[Stored data]

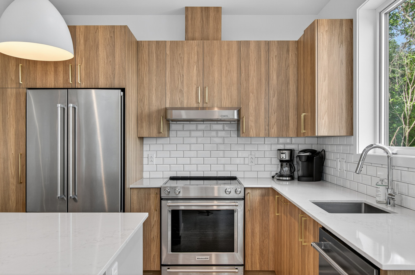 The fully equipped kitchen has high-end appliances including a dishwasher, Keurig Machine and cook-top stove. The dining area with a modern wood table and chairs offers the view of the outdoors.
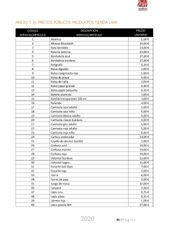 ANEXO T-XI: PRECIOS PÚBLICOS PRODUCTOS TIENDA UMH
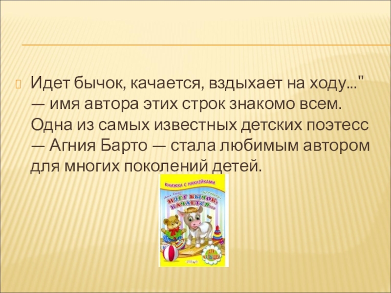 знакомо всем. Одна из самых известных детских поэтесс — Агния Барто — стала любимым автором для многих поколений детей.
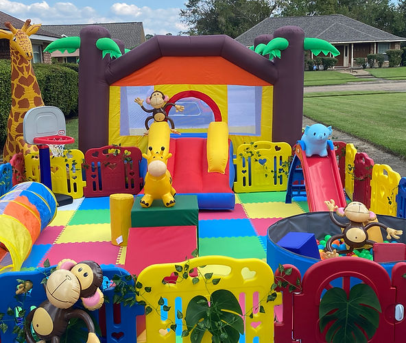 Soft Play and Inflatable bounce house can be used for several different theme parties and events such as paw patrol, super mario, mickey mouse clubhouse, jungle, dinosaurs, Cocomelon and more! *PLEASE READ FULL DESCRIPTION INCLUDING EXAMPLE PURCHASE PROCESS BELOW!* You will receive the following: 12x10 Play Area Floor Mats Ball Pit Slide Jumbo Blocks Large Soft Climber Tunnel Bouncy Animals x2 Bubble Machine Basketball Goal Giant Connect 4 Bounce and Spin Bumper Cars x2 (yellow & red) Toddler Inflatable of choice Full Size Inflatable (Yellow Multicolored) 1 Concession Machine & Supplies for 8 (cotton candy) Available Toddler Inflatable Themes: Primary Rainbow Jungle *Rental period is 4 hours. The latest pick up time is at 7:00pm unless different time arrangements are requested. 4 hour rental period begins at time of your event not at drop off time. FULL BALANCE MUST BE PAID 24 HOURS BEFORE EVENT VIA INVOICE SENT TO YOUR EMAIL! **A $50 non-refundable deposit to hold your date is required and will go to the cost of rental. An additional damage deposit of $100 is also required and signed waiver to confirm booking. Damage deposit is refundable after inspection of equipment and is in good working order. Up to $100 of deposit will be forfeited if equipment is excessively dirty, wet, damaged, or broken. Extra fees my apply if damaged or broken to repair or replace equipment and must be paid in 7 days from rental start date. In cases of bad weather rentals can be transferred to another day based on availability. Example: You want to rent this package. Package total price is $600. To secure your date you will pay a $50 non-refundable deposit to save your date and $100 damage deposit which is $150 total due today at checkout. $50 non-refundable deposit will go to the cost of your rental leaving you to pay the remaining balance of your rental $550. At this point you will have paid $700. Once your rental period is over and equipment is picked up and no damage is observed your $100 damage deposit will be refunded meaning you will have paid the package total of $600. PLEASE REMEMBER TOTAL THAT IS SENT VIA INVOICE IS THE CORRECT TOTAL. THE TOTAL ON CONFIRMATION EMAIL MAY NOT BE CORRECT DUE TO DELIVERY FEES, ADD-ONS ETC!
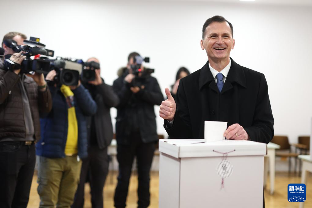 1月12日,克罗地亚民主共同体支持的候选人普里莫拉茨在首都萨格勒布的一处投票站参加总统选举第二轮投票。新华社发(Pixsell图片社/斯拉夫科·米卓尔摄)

* [EXERCISE BRIEF]
Your task is to reproduce exactly the lines from the start of the data above through the line containing "знакомо всем. Одна", leaving every picture out.

* [RESULT BELOW]
 The fully equipped kitchen has high-end appliances including a dishwasher, Keurig Machine and cook-top stove. The dining area with a modern wood table and chairs offers the view of the outdoors.
 ANEXO T-XI: PRECIOS PÚBLICOS PRODUCTOS TIENDA UMH
 знакомо всем. Одна из самых известных детских поэтесс — Агния Барто — стала любимым автором для многих поколений детей.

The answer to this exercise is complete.